» TASK REQUIREMENTS
Give back only the lines in the records below from the one with "Postcard is shown" to the one with "車子沿著山路繼續(xù)往上", both inclusive, word for word.

» MATERIAL SUPPLIED
--------------------------------
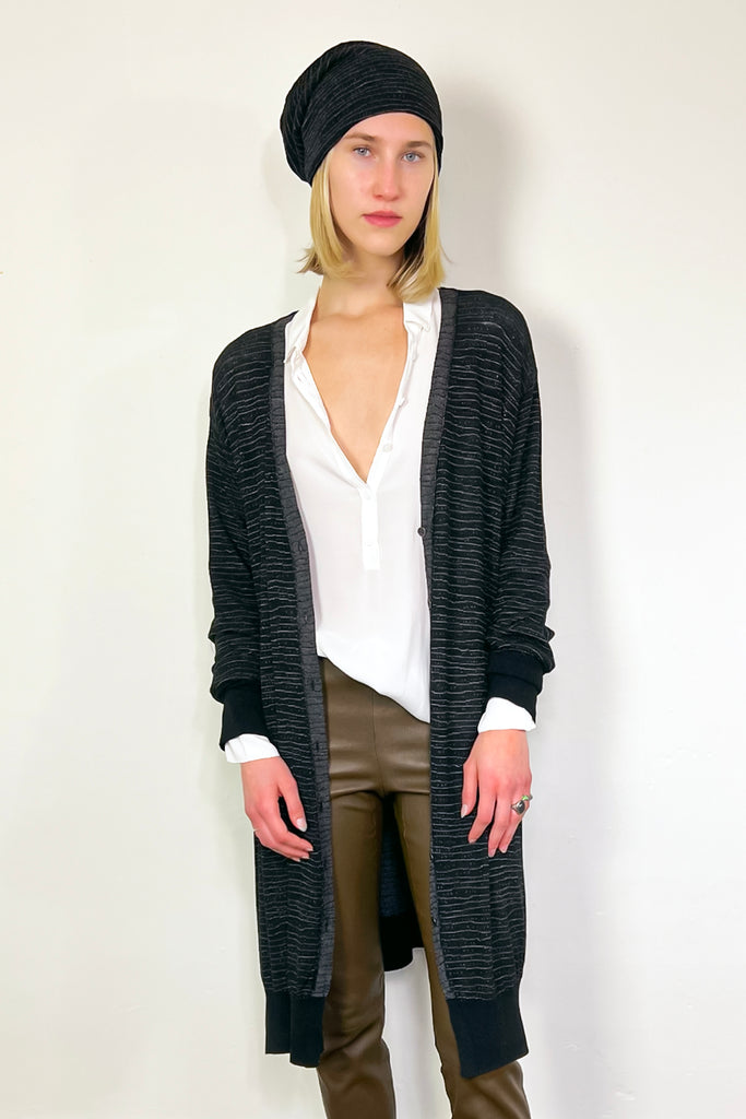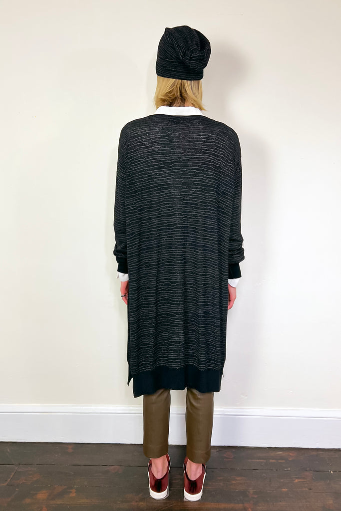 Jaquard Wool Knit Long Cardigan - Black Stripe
--------------------------------
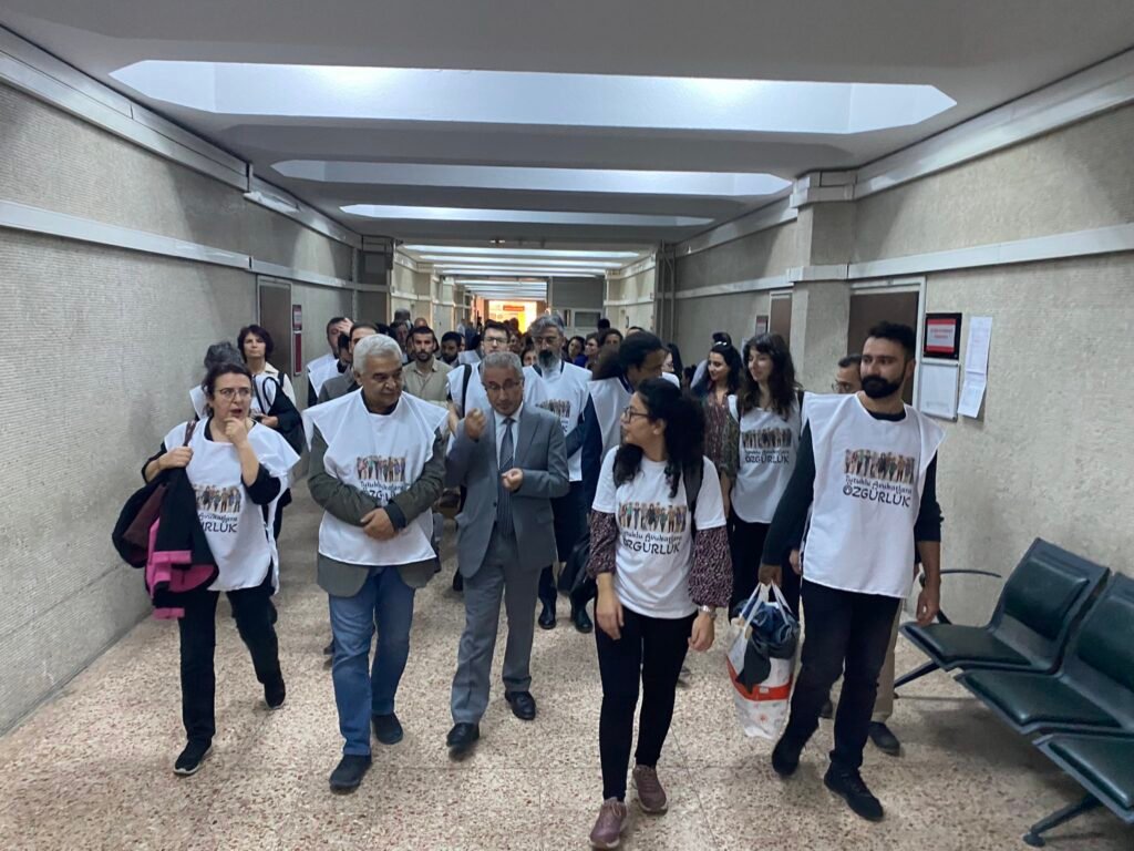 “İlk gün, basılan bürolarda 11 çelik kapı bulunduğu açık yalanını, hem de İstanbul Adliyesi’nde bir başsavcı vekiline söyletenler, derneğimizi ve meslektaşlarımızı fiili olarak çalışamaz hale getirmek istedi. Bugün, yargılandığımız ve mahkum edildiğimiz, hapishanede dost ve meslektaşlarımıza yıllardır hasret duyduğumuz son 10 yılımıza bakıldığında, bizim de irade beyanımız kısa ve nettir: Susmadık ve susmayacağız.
--------------------------------
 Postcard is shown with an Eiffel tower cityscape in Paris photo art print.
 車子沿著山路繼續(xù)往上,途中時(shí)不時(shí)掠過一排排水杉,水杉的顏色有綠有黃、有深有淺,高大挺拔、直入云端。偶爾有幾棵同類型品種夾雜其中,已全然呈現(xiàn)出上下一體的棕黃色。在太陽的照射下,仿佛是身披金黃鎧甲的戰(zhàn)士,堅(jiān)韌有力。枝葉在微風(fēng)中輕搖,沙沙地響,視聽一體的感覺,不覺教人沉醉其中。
--------------------------------
» RESULT
 Postcard is shown with an Eiffel tower cityscape in Paris photo art print.
 車子沿著山路繼續(xù)往上,途中時(shí)不時(shí)掠過一排排水杉,水杉的顏色有綠有黃、有深有淺,高大挺拔、直入云端。偶爾有幾棵同類型品種夾雜其中,已全然呈現(xiàn)出上下一體的棕黃色。在太陽的照射下,仿佛是身披金黃鎧甲的戰(zhàn)士,堅(jiān)韌有力。枝葉在微風(fēng)中輕搖,沙沙地響,視聽一體的感覺,不覺教人沉醉其中。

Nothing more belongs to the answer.